WHAT YOU NEED TO DO> An exact copy is needed of the lines in the entries below from the line with "We also get" up to and including the line with "一位浙江嘉兴的老太太,为了治", and of nothing else. Leave the pictures out.

EXERCISE INPUTS>
-- Opening Marker --
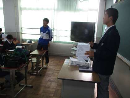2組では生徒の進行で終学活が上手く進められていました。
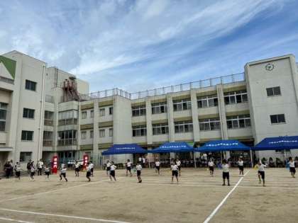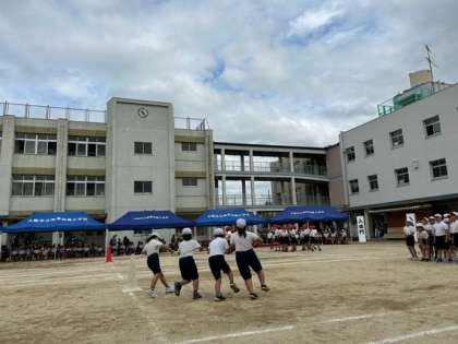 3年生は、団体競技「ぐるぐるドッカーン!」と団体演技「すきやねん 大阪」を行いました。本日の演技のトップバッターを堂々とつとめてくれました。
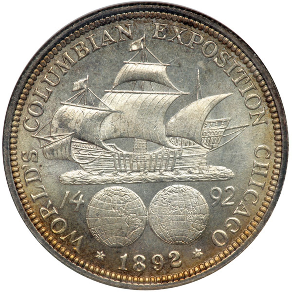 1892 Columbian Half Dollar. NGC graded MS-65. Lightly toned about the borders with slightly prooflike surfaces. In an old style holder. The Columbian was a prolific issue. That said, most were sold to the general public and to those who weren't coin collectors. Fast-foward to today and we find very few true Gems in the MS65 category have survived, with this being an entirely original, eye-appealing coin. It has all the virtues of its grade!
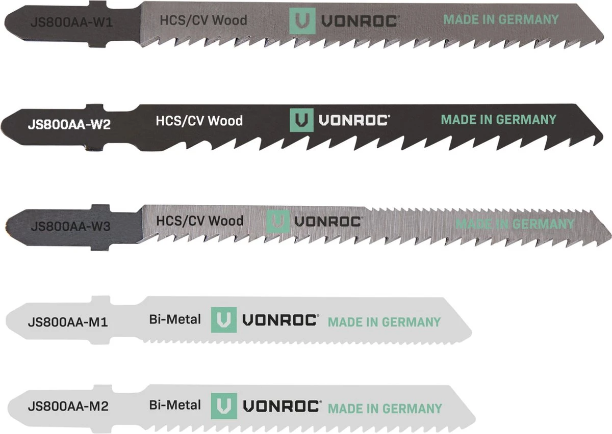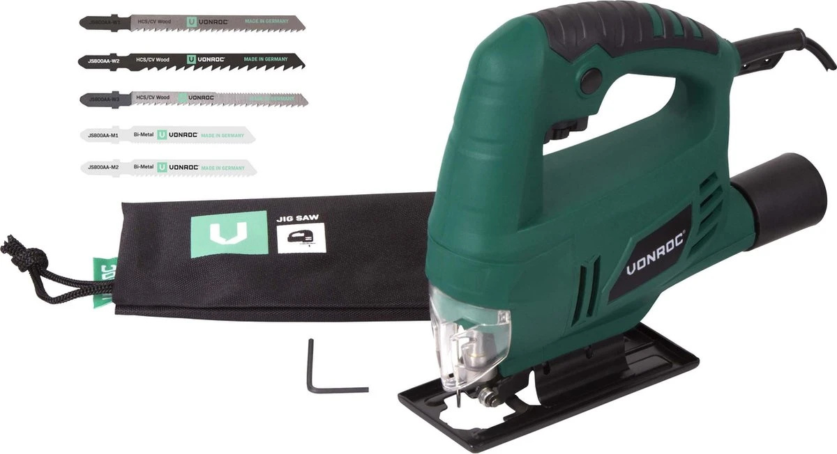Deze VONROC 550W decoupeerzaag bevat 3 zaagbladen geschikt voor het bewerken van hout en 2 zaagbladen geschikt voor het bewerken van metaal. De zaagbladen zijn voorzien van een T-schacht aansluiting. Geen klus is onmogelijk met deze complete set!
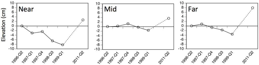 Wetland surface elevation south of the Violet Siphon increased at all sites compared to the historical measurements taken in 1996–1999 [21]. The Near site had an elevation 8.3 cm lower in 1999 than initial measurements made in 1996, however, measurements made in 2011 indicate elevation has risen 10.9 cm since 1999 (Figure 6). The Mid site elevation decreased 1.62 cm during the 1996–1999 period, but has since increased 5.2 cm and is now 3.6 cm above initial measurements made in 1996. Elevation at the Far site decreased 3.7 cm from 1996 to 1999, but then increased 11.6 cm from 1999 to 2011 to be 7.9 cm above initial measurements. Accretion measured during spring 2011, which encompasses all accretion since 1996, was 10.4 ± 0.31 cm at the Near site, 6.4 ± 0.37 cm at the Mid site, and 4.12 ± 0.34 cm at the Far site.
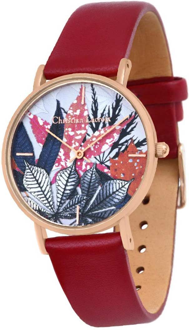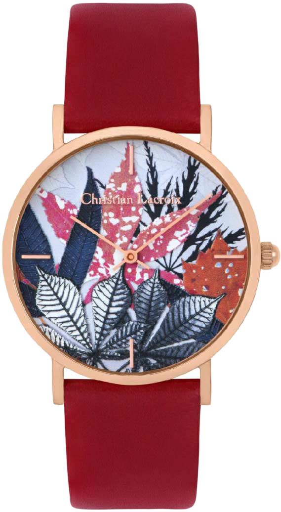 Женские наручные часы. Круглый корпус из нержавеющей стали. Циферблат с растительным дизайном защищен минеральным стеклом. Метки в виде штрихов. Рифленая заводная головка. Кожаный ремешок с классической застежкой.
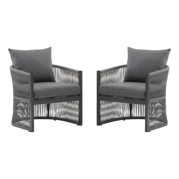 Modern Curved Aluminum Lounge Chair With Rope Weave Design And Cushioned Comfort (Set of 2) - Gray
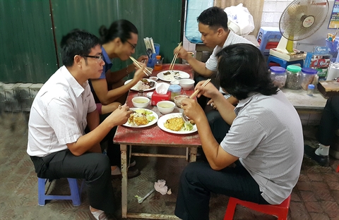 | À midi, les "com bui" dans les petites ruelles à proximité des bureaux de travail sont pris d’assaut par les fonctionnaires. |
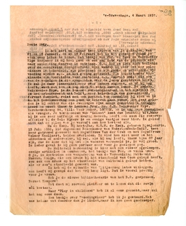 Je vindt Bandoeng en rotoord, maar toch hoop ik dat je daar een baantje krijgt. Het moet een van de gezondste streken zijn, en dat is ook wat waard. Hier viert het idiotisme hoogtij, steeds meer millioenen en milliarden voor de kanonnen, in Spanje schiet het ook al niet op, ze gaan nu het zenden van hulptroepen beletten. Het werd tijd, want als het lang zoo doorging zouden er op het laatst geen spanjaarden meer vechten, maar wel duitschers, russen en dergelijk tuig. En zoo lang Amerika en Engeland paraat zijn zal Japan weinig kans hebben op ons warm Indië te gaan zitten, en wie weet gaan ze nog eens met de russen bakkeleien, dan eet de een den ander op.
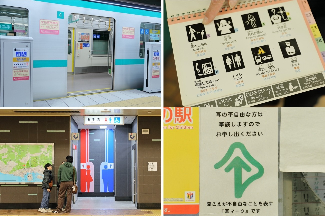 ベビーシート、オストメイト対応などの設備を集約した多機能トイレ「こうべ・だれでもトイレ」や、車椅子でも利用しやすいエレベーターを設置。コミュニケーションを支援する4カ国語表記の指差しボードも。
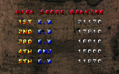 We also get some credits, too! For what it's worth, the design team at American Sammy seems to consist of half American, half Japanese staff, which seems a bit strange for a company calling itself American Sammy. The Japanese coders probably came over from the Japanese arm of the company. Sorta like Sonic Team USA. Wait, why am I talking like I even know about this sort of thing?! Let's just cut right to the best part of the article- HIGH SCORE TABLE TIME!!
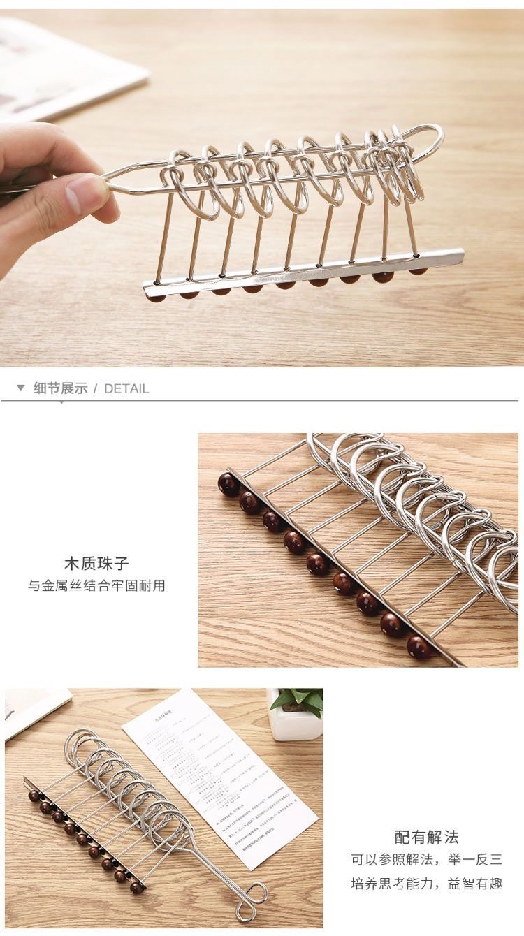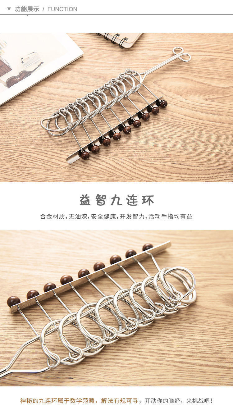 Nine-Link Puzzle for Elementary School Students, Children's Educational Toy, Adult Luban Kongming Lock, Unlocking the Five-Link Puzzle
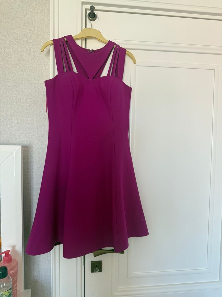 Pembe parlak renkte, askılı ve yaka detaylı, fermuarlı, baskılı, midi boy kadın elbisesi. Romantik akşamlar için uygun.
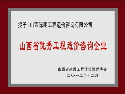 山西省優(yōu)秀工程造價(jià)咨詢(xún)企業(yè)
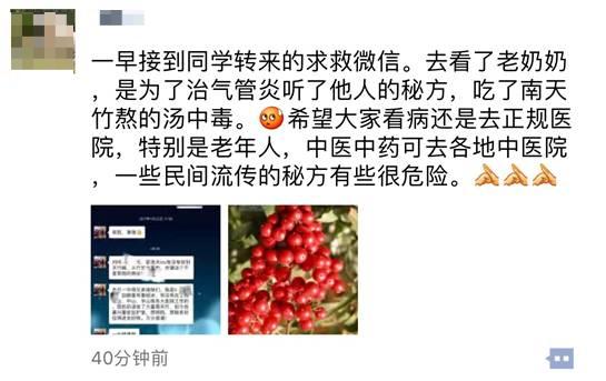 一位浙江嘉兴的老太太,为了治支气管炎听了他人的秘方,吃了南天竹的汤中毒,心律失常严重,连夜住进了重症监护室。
-- Closing Marker --
-- Opening Marker --
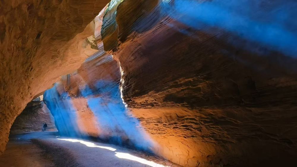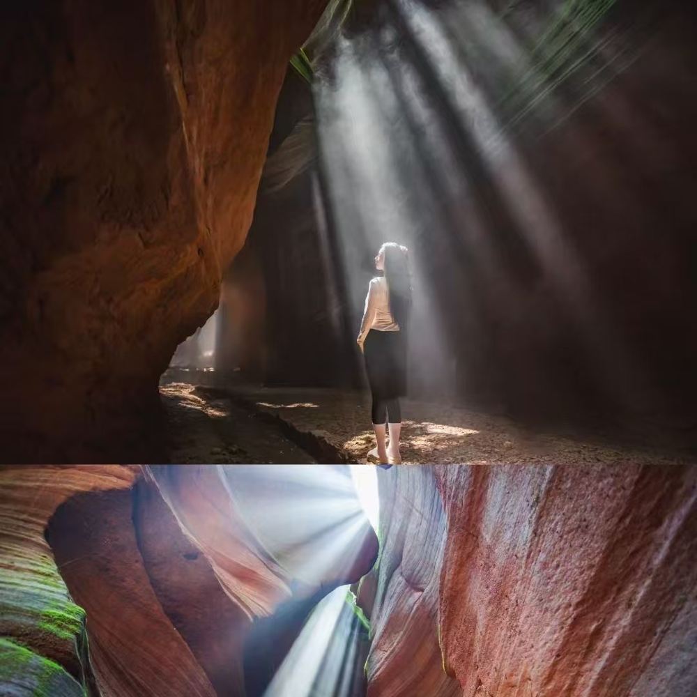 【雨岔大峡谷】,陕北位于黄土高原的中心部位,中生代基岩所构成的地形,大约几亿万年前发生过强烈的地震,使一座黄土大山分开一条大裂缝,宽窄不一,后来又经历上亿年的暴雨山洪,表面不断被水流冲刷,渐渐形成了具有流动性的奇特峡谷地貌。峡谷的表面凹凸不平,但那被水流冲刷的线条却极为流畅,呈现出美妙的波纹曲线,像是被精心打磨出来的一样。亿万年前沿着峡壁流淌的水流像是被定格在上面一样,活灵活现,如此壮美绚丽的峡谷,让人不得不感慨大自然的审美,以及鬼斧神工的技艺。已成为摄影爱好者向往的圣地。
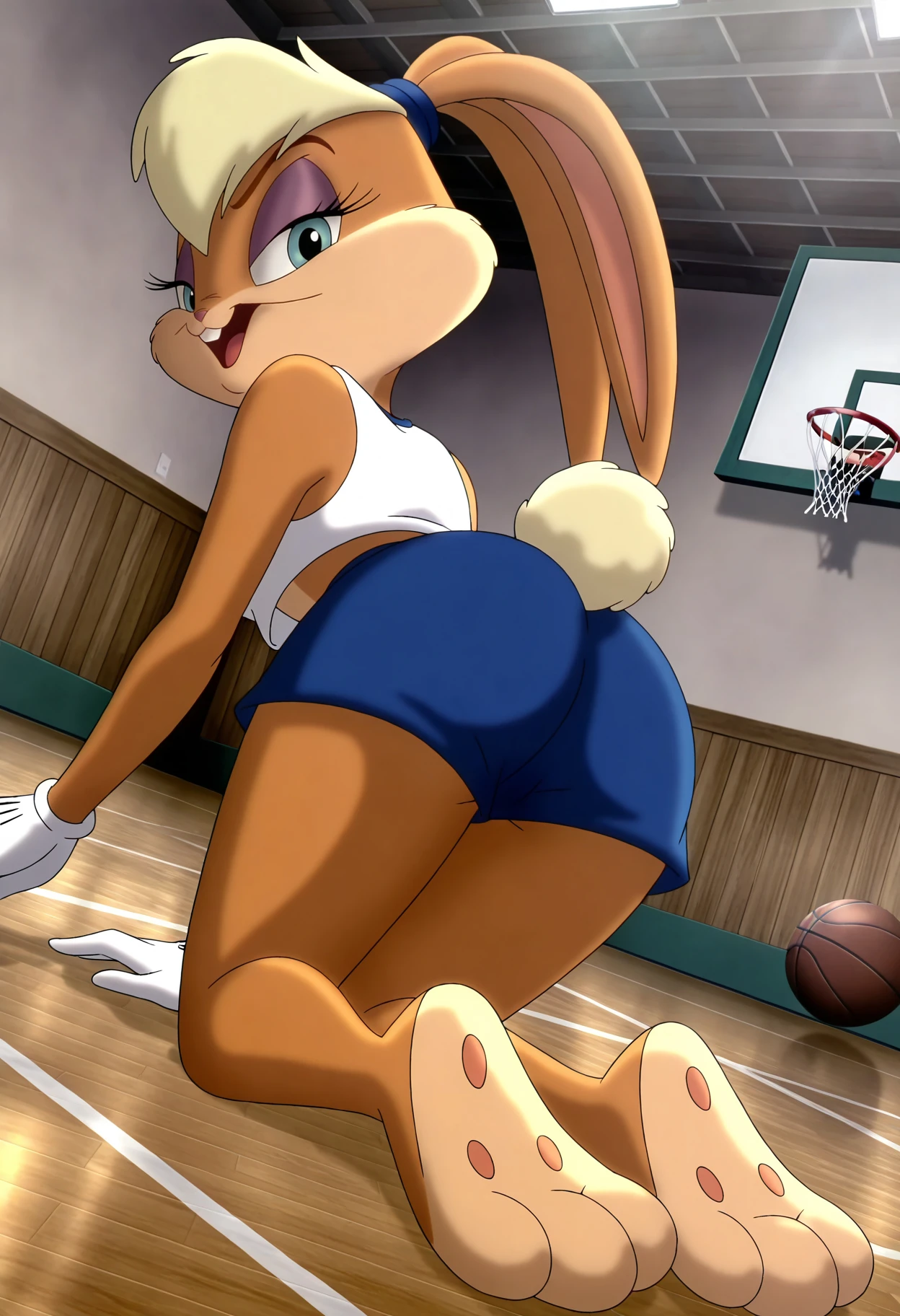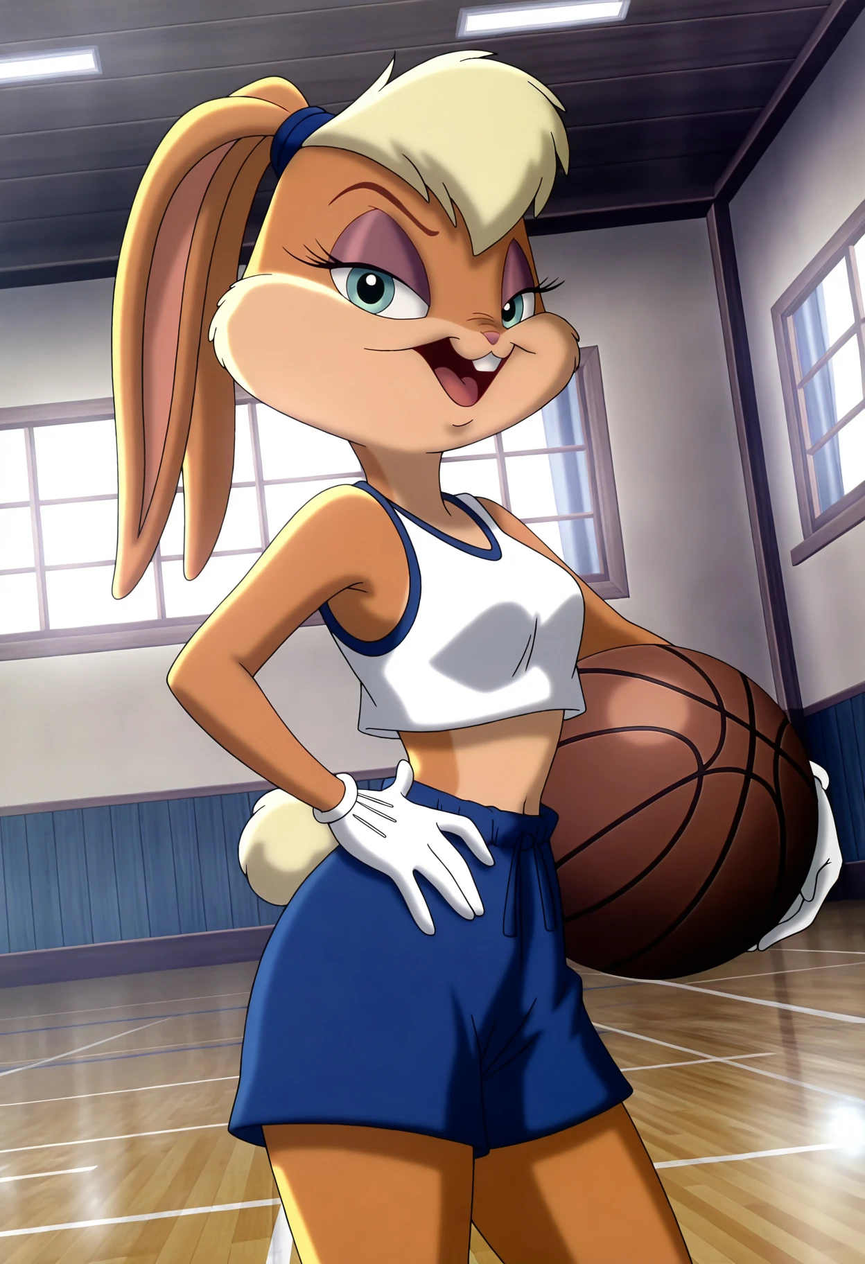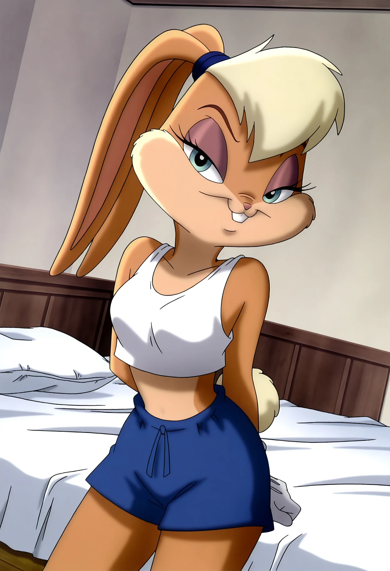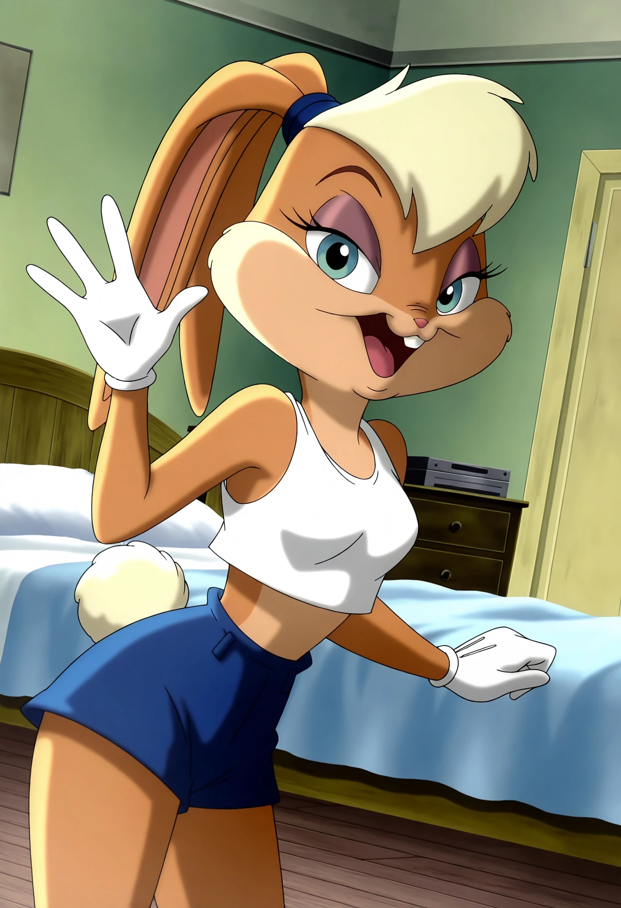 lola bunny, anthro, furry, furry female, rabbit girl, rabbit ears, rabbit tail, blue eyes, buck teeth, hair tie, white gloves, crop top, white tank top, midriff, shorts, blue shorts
-- Closing Marker --
RESULT>
 We also get some credits, too! For what it's worth, the design team at American Sammy seems to consist of half American, half Japanese staff, which seems a bit strange for a company calling itself American Sammy. The Japanese coders probably came over from the Japanese arm of the company. Sorta like Sonic Team USA. Wait, why am I talking like I even know about this sort of thing?! Let's just cut right to the best part of the article- HIGH SCORE TABLE TIME!!
 Nine-Link Puzzle for Elementary School Students, Children's Educational Toy, Adult Luban Kongming Lock, Unlocking the Five-Link Puzzle
 Pembe parlak renkte, askılı ve yaka detaylı, fermuarlı, baskılı, midi boy kadın elbisesi. Romantik akşamlar için uygun.
 山西省優(yōu)秀工程造價(jià)咨詢(xún)企業(yè)
 一位浙江嘉兴的老太太,为了治支气管炎听了他人的秘方,吃了南天竹的汤中毒,心律失常严重,连夜住进了重症监护室。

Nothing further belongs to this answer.